> Data listing:
:::::
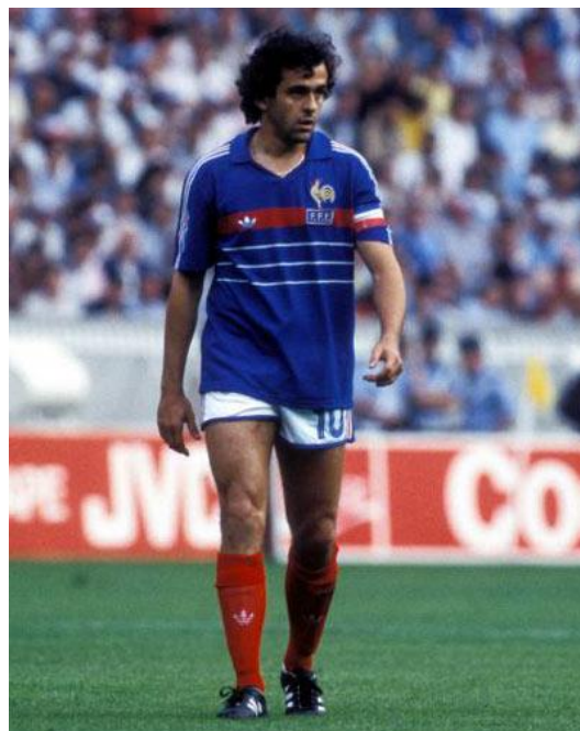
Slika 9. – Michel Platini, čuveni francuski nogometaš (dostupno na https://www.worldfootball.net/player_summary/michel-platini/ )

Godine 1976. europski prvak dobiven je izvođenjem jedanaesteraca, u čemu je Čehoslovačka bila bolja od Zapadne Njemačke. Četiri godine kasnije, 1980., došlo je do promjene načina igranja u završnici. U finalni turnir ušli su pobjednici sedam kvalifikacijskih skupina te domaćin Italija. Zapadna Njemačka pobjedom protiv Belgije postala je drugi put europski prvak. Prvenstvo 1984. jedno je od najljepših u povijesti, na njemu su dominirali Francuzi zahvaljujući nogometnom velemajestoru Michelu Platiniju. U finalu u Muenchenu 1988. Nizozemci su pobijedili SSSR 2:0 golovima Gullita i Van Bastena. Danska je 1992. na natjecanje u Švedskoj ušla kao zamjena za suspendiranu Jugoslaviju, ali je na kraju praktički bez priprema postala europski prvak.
:::::
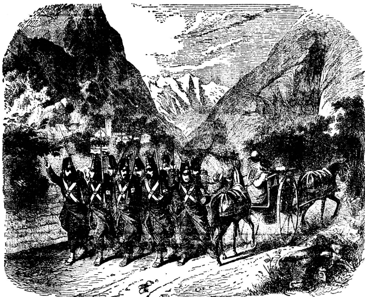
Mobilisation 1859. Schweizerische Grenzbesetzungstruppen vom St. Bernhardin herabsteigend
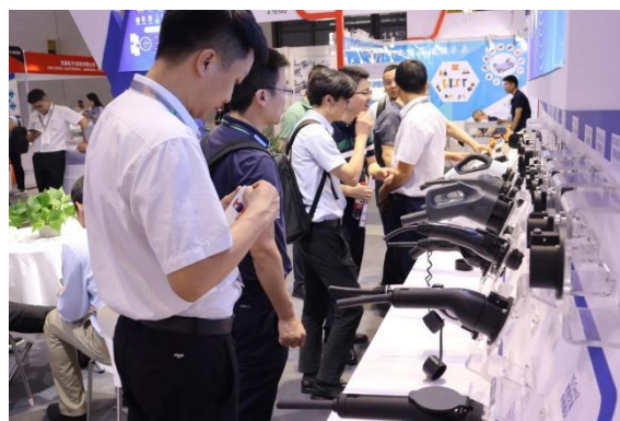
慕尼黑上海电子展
:::::
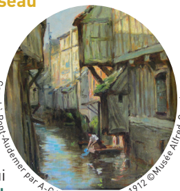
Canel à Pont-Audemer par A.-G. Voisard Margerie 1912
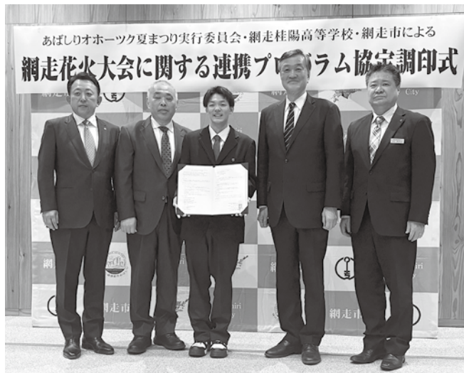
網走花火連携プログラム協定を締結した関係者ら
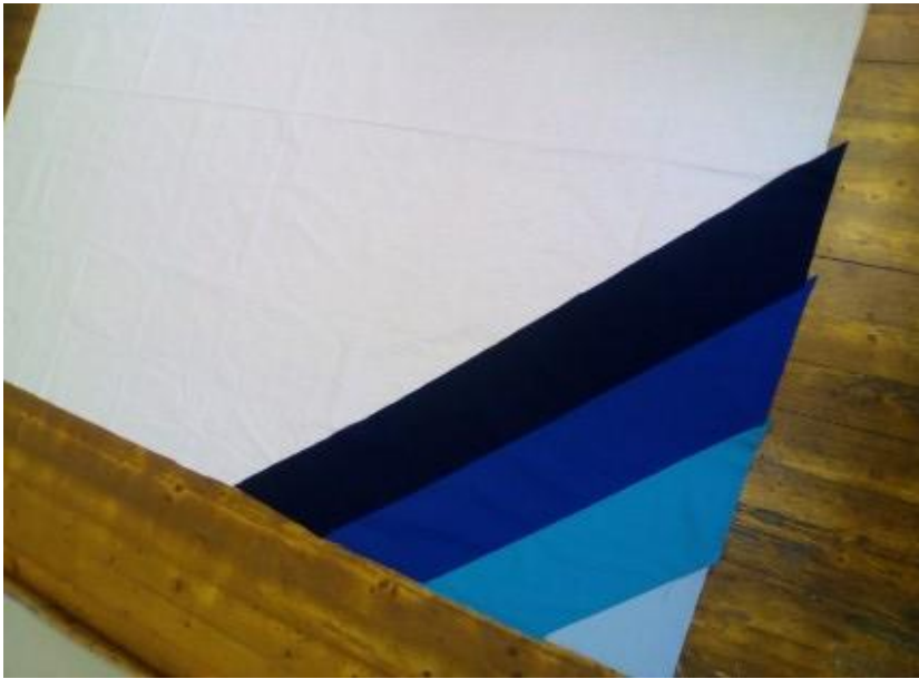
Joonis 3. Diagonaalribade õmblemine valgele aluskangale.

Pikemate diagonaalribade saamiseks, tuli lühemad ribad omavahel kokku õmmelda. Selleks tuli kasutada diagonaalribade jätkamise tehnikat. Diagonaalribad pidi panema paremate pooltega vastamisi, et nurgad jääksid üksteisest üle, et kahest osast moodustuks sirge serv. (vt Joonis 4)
:::::
> Prompt:
Reproduce the entries above exactly, but only the lines between the line holding "Joonis 3. Diagonaalribade" and the line holding "Pikemate diagonaalribade saamiseks, tuli", inclusive.

> Answer to the exercise:
Joonis 3. Diagonaalribade õmblemine valgele aluskangale.

Pikemate diagonaalribade saamiseks, tuli lühemad ribad omavahel kokku õmmelda. Selleks tuli kasutada diagonaalribade jätkamise tehnikat. Diagonaalribad pidi panema paremate pooltega vastamisi, et nurgad jääksid üksteisest üle, et kahest osast moodustuks sirge serv. (vt Joonis 4)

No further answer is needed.